Três académicos de proa falaram sobre a subalternização dos centros de investigação das universidades. Raúl Araújo, Alves da Rocha e Jonuel Gonsalves. Três possivelmente de vinte que poderiam ter falado, porque temos muitos académicos conscientes de que centros de investigação têm de estar o mais distante possível de partidarismos para poderem produzir conteúdo minimamente independente e de valor, se não só para manterem a higiene intelectual. Muitos desses académicos amordaçados sentem verdadeira repulsa pela ideia da interferência politica na esfera da produção de saber (que deve ser o único intuito das universidades e particularmente dos centros de pesquisa). A ideia da interferência política nas esferas do saber é de facto repulsiva e a mesma que por exemplo torna uma instituição produtora de estatísticas - que servem de base de trabalho do mesmo governo que desenha as politicas que nos governam - numa piada sem graça e que não granjeia respeito cientifico nenhum.
Esta mordaça partidária faz com que por exemplo se vejam líderes políticos de proa do MPLA serem ofendidos e ridicularizados pelo seu próprio partido quando este se propõe combater o líder da oposição fazendo recurso primeiro às duplas nacionalidades - que tantos membros do governo têm - e depois à claridade da pele como argumento de “falta de angolanidade”. Um posicionamento verdadeiramente asqueroso e que os membros amordaçados do partido, muitos mais claros que o líder da oposição, tiveram de engolir calados, em nome da colectividade partidária que abomina a individualidade critica.
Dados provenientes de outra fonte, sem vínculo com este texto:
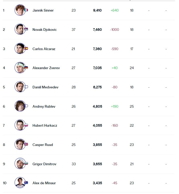 В первой десятке изменений не произошло. На первом месте — итальянец Янник Синнер (9410 очков). Второй — серб Новак Джокович (7460), третий — испанец Карлос Алькарас (7360).

Não se ouviram membros de proa do partido condenarem aquela imundície de comunicado que o partido validou para atacar Adalberto da Costa Júnior.
É certo que este fenómeno infeliz é mais visível no grupo partidário no poder, mas pergunto-me se será capaz a nova oposição, a promessa que é a coligação dos partidos da oposição, de pôr um fim a esta lógica de colectivo que esmaga o pensamento crítico e tem os intelectuais amordaçados com medo de represálias por expressarem uma opinião contrária sobre qualquer tema de verdadeira importância para o país que seja.
É um desafio enorme à espera de ser assumido.
O perigo desta carneirada de pensamento, é o de dogmas de pensamento único servirem para justificar o injustificável - atropelamentos das regras democráticas e até atrocidades.
Voltando ao livro que estou a ler, na passagem que me ficou a assombrar, o ex-chefe das secretas diz mecanicamente o seguinte para justificar um assassinato que o governo do Ruanda encomendou: - “não podíamos arriscar uma guerra popular civil popular então tínhamos de cortar-lhe a cabeça. A ideia era, em antecipação, decapitar aquela liderança com base na doutrina de que esse ataque tem de ser em preemptivo”. O ex-chefe de inteligência que estava a justificar um assassinato com a manutenção de uma liderança política, foi depois assassinado por essa liderança, exactamente com base no mesmo dogma.
E nós, que temos um país marcado pelas feridas profundas do 27 de Maio, que essencialmente generalizou essa ideia de que o pensamento dissonante é para abater sem perda de tempo e sem justiça, devíamos repelir qualquer mordaça partidária seja de que partido for... E agora pergunto eu, será que aprendemos com a história?